Yeah, he fit in with the Suns. Having a bulky center in the middle hadn’t worked for Phoenix the year before, as Shaq had filled the paint and restricted Steve Nash’s need to drive. Frye didn’t hang out in the paint, and further forced opposing big men to come guard him on the perimeter instead of protecting the rim. It gave Nash all the space in the world, and he was on board.
“We’re not a big bulky team,” Nash said, before the season had even started. “We’re smaller and more skilled. That allows me to be creative and make plays for my teammates.
Suns General Manager Steve Kerr agreed.
“With Channing,” said Kerr, “we hit the jackpot.”
But the criticism the Phoenix Suns so frequently take was shortly leveled to Frye, as well. You can’t keep up that shooting pace. You don’t play any defense. You won’t hold up in the Playoffs.
Frye’s shooting, for one, held up quite well. He continued to put up big numbers through November and December and his percentage stayed up all year. It didn’t make him into a traditional center, though, and in November he ranked 29th among centers in rebounding, with a paltry 5.4 per game.

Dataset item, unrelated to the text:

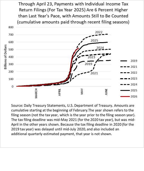 - Through April 23, payments with individual income tax filings (for tax year 2025) are about 7 percent higher than last year's amounts at this same point. There should still be some significant amounts of taxpayer payments by checks for the IRS to process over the next week or more, but the queston is how much. Amounts have fallen off in the last couple of days of processing. If that continues, then the percentage gain over last year will be less than 7 percent when the counting is likely complete for timely-filed returns in early May. There could, however, still be large amounts processed next week. The filing deadline was a day later into the week this year compared to last year (Wednesday this year vs. Tuesday last year); that could delay the comparative processing somewhat. It is always impossible for people outside of the IRS to know their speed of processing, as well as the speed at which the mailed checks get to the IRS, until all the counting is complete.

It was the team that turned out to be streaky; after a blistering-hot 14-3 record to start the season they fell on their faces in December, going 7-9 for the month.
They righted the ship eventually, but somewhat at Frye’s expense. He lost minutes and his starter’s job to Robin Lopez, who had come into his own as a physical post presence. The Suns got hot again, and by season’s end rose to the #3 seed in the West.

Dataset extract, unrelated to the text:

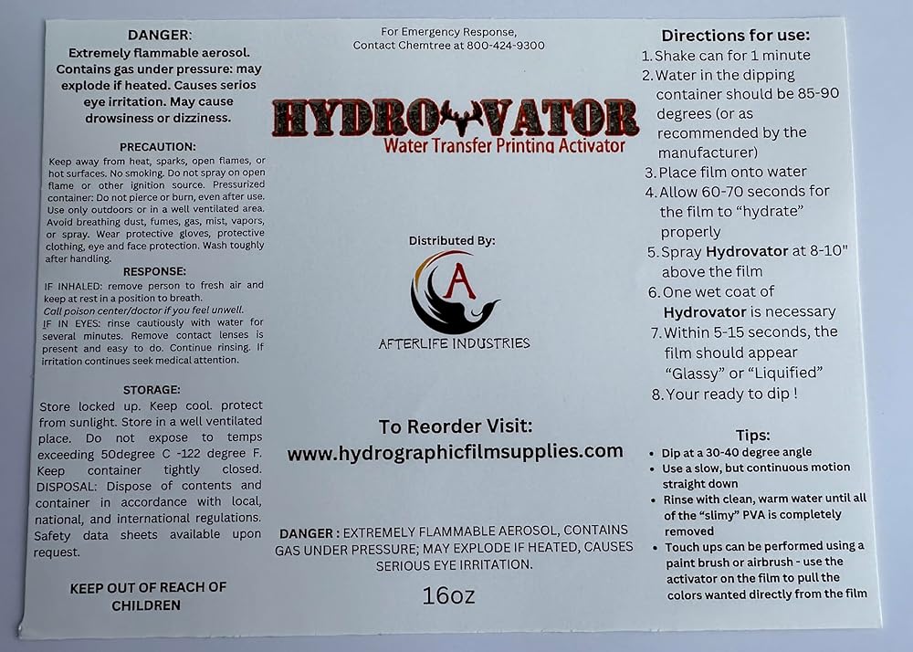 Hydrographic Film Activator, 16 oz Aerosol Spray Can. Used for Hydrographic Dipping.

Which brings us back to the Playoffs.
It’s only been in the Playoffs that Frye’s critics have been right. He lost his confidence in a big way against the Lakers, and despite a green light hesitated on his shots. The Suns finished the regular season as the second-best three-point shooting team in history, but Frye was 1-for-20 when it really, really counted.
Any traditional team might have benched him, or at least asked him to change his game. But this is what has made the Suns great this season.
Coach Alvin Gentry and the Suns understand, better than any other team in the NBA, about giving someone a chance. They’ve built one of the league’s deepest benches out of unknowns like Goran Dragic and Lou Amundson. They know about streaky shooting; they know the touch will come back.
That’s why Frye still had the green light in Game 4, and that’s why he was able to hit a quartet of 3-pointers that broke the Lakers’ back and evened the series 2-2. The Suns still have a long way to climb if they’re going to show their face in the NBA Finals, but they have a great chance to do it if their shooting is hot—and Frye’s is too.
Regardless, we know he’ll be playing his game, because that’s how the Suns play theirs. They bring in players that they want, and cut them loose to do what they do best. That’s why everybody’s happy, and as we’ve seen from this team, players play better when they’re happy.
It’s certainly true for Channing Frye.
“In New York, none of us really knew what was expected of us,” he said. “We just went out and tried to win games. In Portland, they wanted me to be a big, banging center in the paint, and that’s not really my game, either. But the Suns see what I can do and they are letting me do it, and it’s great.”